# 2 Creeds



## Chad (Apr 15, 2013)

Wanted to check zero on the two 6.5 Creedmoors and run them over the MagnetoSpeed. Both were shot with the Hornady 140gr AMAX.







I shot them for accuracy first, both had clean barrels. Rem700 has a Krieger 26" barrel and the Savage is stock 20"

Cold bore is on the center orange followed by a three shot group to the right.

Rem700 custom, top group, stock Savage light weight hunter on the bottom:






Muzzle velocity for five shots from each was:

2862fps for the Kreiger 26" and 2770 for the Savage 20".

Adjusted the windage on the Savage .2 left and will reshoot it.


----------



## Chad (Apr 17, 2013)

Gave both rifles a good cleaning, ammo is the same 140AMAX.

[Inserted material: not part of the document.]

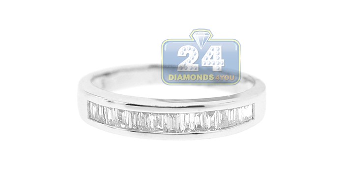 14K White Gold Baguette Channel Set Diamond Womens Band Ring

Savage was shot from the pack w/ rear bag, scope is a 1.8-10x @ 10x.

Cold bore on the top left followed by a three shot group on the top right. Let it cool(was shooting the Rem700) then shot the bottom row. Left side was using the Latigo sling prone and right was sling kneeling:







Custom Rem700 was shot off of bipods for CB(top left) and three shot group(top right). 
Bottom row was shot w/ RC1 sling, prone on the left.....heavy crosswind picked up on the kneeling and was moving my body enough I stopped shooting at the one shot.







Moved down to the steel range and shot both at 550yds. The Rem700 has a 5-25x, set at 20x for today, and exposed turrets to dial. The Savage has turret caps.

Bottom group was shot holding off 1mrad left for wind and 3mrad high for elevation. The top group was shot with the Rem700 w/ 3mrad up dialed and .9mrad left dialed. 







Savage printed better than normal, group is about 1.5" and the Rem700 grouped worse than normal at about 5".


----------